Lines from the one with "TE Part # 5767178-2" up to and including the one with "Fig 1: Left" are to be copied exactly from the records below, without their pictures.
*** Opening of Provided records ***
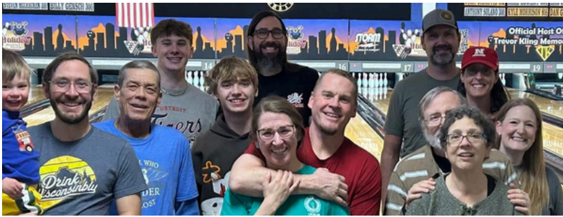
The 25th Annual Wireman's Brotherhood Benefit Fund bowling tournament was a raging success. Hope to see you next year!

Holiday Bowling and Billiards in Lakewood was host to 141 bowlers as well as plenty of family and friends. It was a great opportunity to bond with brothers across the local and share in some friendly competition and great food. With all of the demands of our jobs and lives, this event was an important reminder of the bonds we share exclusively through the brotherhood.
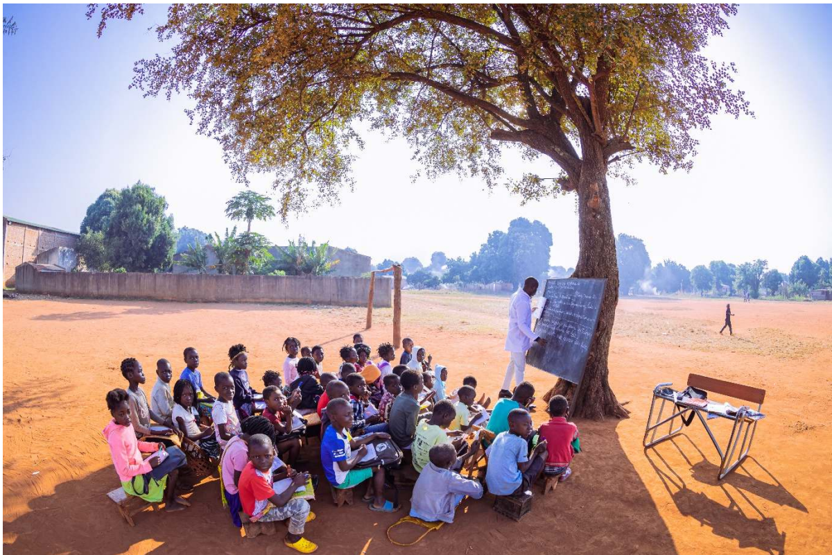
Children at Tsuanda School, Mozambique.
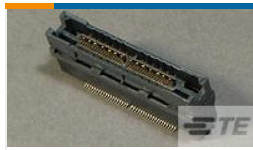
TE Part # 5767178-2 MICTOR .355 RECEPTACLE, 76 POS T&R PACKA
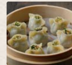
104 - $12.80 花素蒸餃 Vegetarian Steamed Dumplings (8 pcs Contain Egg)
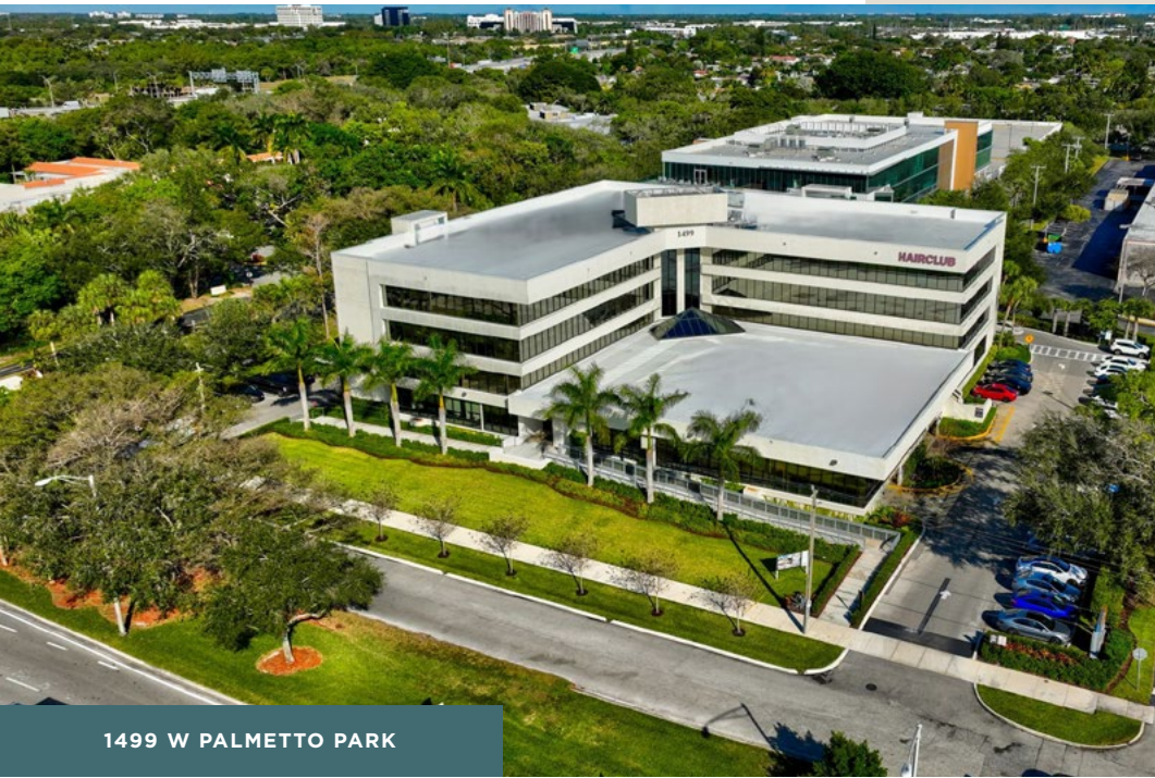
1499 W PALMETTO PARK
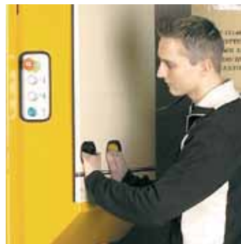
The bale is ejected by a safe two-hand operation.
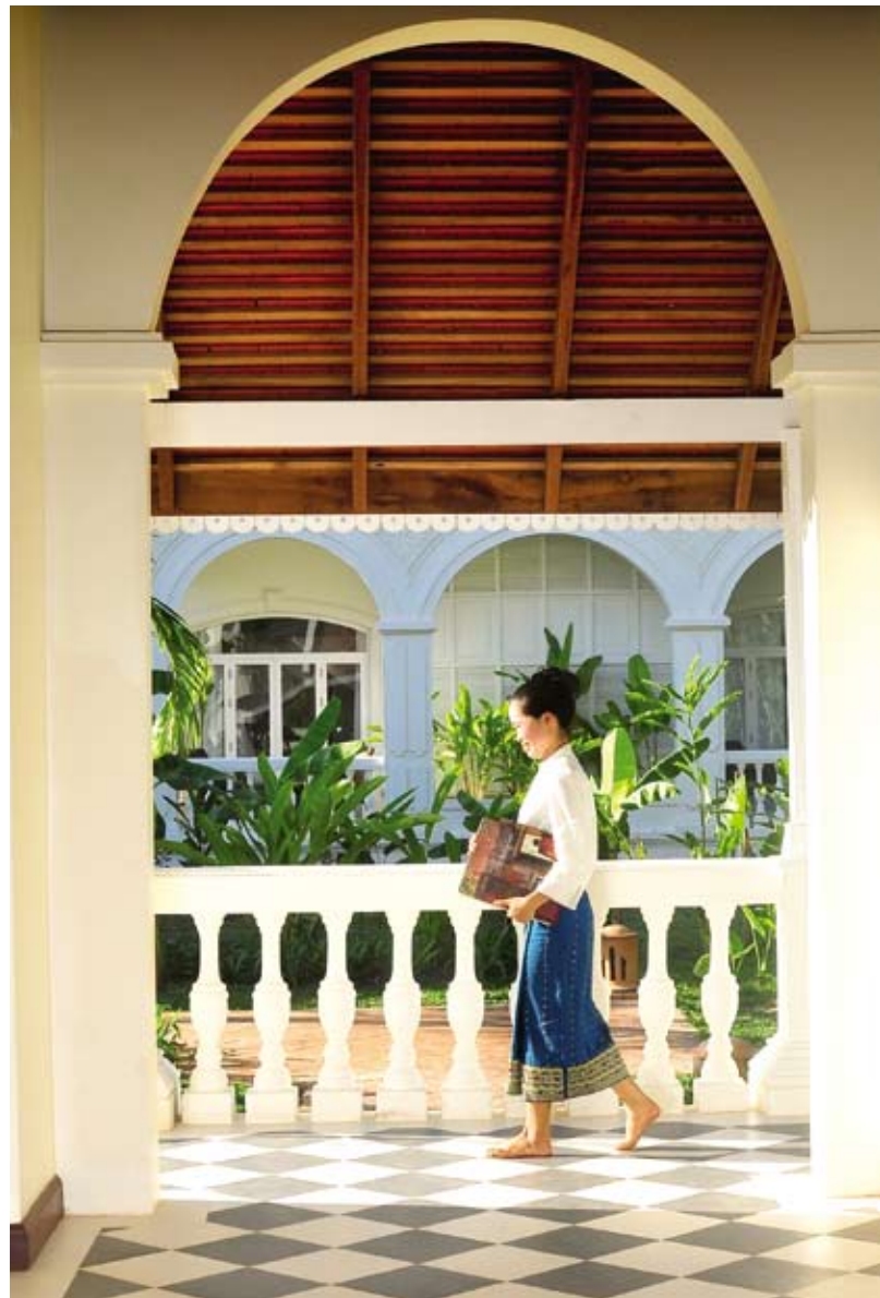
Above: A contemporary reflection of life in the French colonial era.

Tasty local delicacies created from favourite Asian recipes together with the signature dishes of a French brasserie are served at the Residence's 'La Belle Epoque' restaurant, followed by après-le-dîner absinthe cocktails, which can be enjoyed in '1861' – the terrace bar. The colonial era furnishings in this cosy lounge and terrace include studded leather sofas, marble tables and traditional bistro chairs. A library 'fumoir' corner adds to the intimate ambience, and during cooler months, the bar is warmed by a fire within a marble fireplace. The bar was named '1861' in honour of Mouhot; this remarkable man arrived in Luang Prabang on the 25 th July of that year, and sadly died of malaria just four months later. At Luang Say Residence, however, a piece of his extraordinary life has been captured, ensuring that his memory will continue to live on. FRV
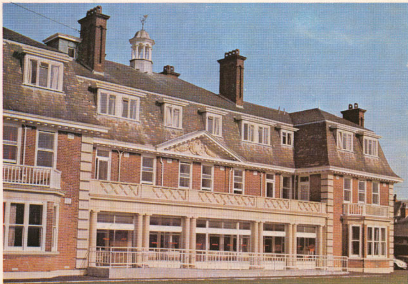
John Howard House, Brighton, our 30 bed hospital unit for recuperation and holidays
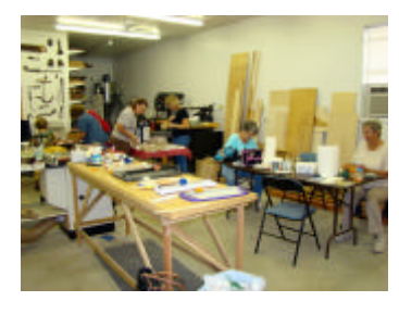
Card making workshop
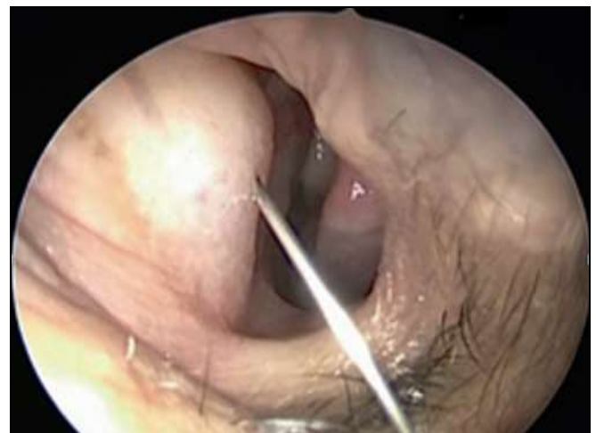
Fig 1: Left nasal cavity, Infiltration of the deviated nasal septum using 1:100,000 adrenaline in saline solution.

At the end of operation, we suture 2 flaps with 4-0 absorbable sutures. Also, if there was any mucosal tear it was sutured with 4-0 absorbable sutures. We restricted septal splinting only to cases in whom a flap tear had occurred. Then both nasal cavities were packed with Vaseline or merocel packs. The time of each operation was calculated, blood loss also was calculated where suction bottle was emptied before operation, accurate calculation of any amount of saline used for washing of operative field during surgery. So, the amount of pure blood loss was the amount in the suction bottle during the whole surgical procedure minus the calculated amount of saline used for irrigation plus the difference in swap weighting pre and post-operative. Postoperatively, all patients were viewed in the outpatient clinic. Once weekly for the 1st month then every 2 weeks for 3 months and monthly till the end of follow up period after 6 months. Statistical analysis of the collected data was done using Statistical package for social science (SPSS). Statistical methods included descriptive method (mean, standard deviation, frequency distributon) and significance tests (t=test) and analysis of variance (ANOVA). The significance will be adjusted when P value equal 0.05 or less.
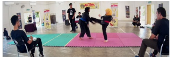
Fig 3: The silat tempur competition in 2017.
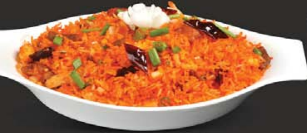
47 ارز مقلي شيزوان / معكرونه (روبيان/مشكل) SCHEZWAN FRIED RICE/NOODLES (PRAWNS/MIX) 18.00

This rice is a dish of steamed rice stir-fried in a wok, often served with other ingredients, such as egg, mushrooms, and meat. It is sometimes served in the traditional style of Chinese 'chow mein' but without sauce.
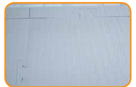
Edge pieces fill in gaps along walls

Innovative, purpose-built surface protection systems. This is all we do.
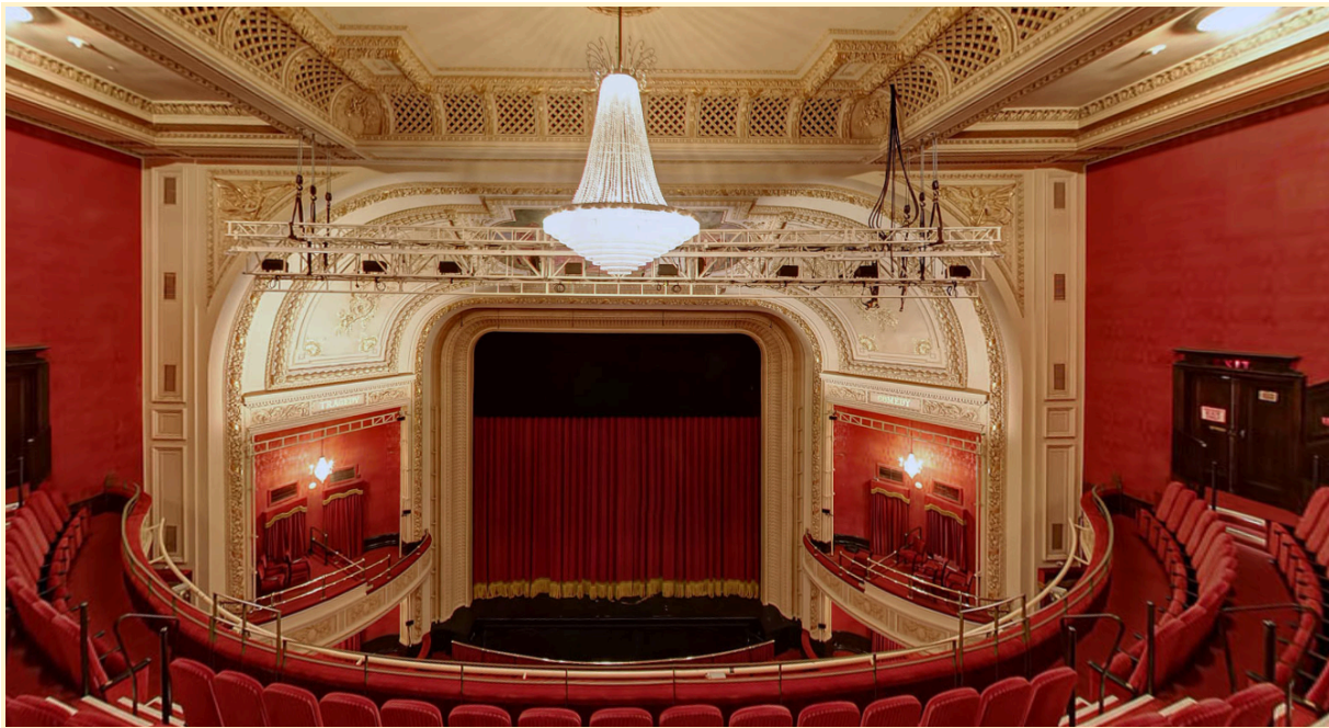
Figure 7: Photograph of view from balcony centre
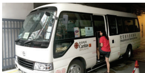
● New 23-seater bus of Caritas Oswald Cheung International House
*** Close of Provided records ***
● **Expected output**:
TE Part # 5767178-2 MICTOR .355 RECEPTACLE, 76 POS T&R PACKA
104 - $12.80 花素蒸餃 Vegetarian Steamed Dumplings (8 pcs Contain Egg)
1499 W PALMETTO PARK
The bale is ejected by a safe two-hand operation.
Above: A contemporary reflection of life in the French colonial era.

Tasty local delicacies created from favourite Asian recipes together with the signature dishes of a French brasserie are served at the Residence's 'La Belle Epoque' restaurant, followed by après-le-dîner absinthe cocktails, which can be enjoyed in '1861' – the terrace bar. The colonial era furnishings in this cosy lounge and terrace include studded leather sofas, marble tables and traditional bistro chairs. A library 'fumoir' corner adds to the intimate ambience, and during cooler months, the bar is warmed by a fire within a marble fireplace. The bar was named '1861' in honour of Mouhot; this remarkable man arrived in Luang Prabang on the 25 th July of that year, and sadly died of malaria just four months later. At Luang Say Residence, however, a piece of his extraordinary life has been captured, ensuring that his memory will continue to live on. FRV
John Howard House, Brighton, our 30 bed hospital unit for recuperation and holidays
Card making workshop
Fig 1: Left nasal cavity, Infiltration of the deviated nasal septum using 1:100,000 adrenaline in saline solution.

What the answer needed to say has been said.